- Formation sign of the 117th Infantry Brigade.
- Active: January to July 1945
- Country: United Kingdom
- Branch: Royal Navy
- Type: Infantry brigade
- Engagements: Second World War

= 117th Infantry Brigade Royal Marines =

The 117th Infantry Brigade Royal Marines was an infantry brigade formation of the Royal Marines created in the final stages of the Second World War.

==Unit history==
The unit was one of two created to address the manpower shortage of 21st Army Group in early 1945. The brigade was created on 15 January 1945 from former members of the Royal Marines Division, which had been broken up in 1943 and the troops distributed to Marine Commandos, or retrained as landing craft crew. They were quickly re-mustered as regular infantry, organised as a standard Army brigade.
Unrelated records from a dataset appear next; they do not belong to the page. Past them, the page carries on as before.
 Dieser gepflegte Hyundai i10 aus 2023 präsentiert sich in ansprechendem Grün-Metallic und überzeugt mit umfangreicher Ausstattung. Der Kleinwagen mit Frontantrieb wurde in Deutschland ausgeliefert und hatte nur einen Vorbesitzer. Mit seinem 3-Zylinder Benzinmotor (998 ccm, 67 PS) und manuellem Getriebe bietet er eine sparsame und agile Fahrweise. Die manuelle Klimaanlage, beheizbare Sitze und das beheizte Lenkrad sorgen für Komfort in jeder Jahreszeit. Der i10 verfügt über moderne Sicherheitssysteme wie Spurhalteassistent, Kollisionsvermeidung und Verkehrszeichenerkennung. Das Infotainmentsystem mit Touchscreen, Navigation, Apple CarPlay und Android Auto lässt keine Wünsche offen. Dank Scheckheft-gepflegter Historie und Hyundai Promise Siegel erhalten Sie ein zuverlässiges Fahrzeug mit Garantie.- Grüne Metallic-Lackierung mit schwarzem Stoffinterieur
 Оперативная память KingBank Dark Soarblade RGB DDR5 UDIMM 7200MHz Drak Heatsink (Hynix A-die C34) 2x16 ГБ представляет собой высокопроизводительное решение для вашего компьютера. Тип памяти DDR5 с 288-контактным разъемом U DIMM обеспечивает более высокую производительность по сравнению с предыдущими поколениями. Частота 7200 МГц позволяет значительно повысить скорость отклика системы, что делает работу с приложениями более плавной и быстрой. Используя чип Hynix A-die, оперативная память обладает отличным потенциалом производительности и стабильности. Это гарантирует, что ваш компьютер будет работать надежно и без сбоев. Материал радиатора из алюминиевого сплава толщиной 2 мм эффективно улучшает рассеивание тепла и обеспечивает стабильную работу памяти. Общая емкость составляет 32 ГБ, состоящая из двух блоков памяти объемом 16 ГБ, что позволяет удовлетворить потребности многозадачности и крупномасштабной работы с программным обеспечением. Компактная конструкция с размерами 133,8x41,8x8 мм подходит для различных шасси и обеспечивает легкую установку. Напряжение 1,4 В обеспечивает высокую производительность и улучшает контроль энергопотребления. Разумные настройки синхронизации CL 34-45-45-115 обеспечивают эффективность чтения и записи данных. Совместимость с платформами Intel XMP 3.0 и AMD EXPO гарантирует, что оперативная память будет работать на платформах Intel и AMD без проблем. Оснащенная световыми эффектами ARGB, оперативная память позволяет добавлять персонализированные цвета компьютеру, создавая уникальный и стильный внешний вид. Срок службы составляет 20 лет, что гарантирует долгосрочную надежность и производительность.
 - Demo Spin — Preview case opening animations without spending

The Brigade was stationed in England until after the German surrender when it was moved forward to occupy the naval port of Kiel as part of VIII Corps, releasing 46th Highland Brigade for occupation duties elsewhere. The Brigade was tasked with guarding naval installations and overseeing the capitulation of German naval ships and personnel. It also had to deal with the arrival of ships carrying troops returning from the Eastern front, and also civilian refugees from Soviet-occupied Germany. On one particularly busy night this involved taking command of 21 destroyers and removing 14,000 soldiers from shipping. The Brigade returned to the UK in July 1945 to be disbanded.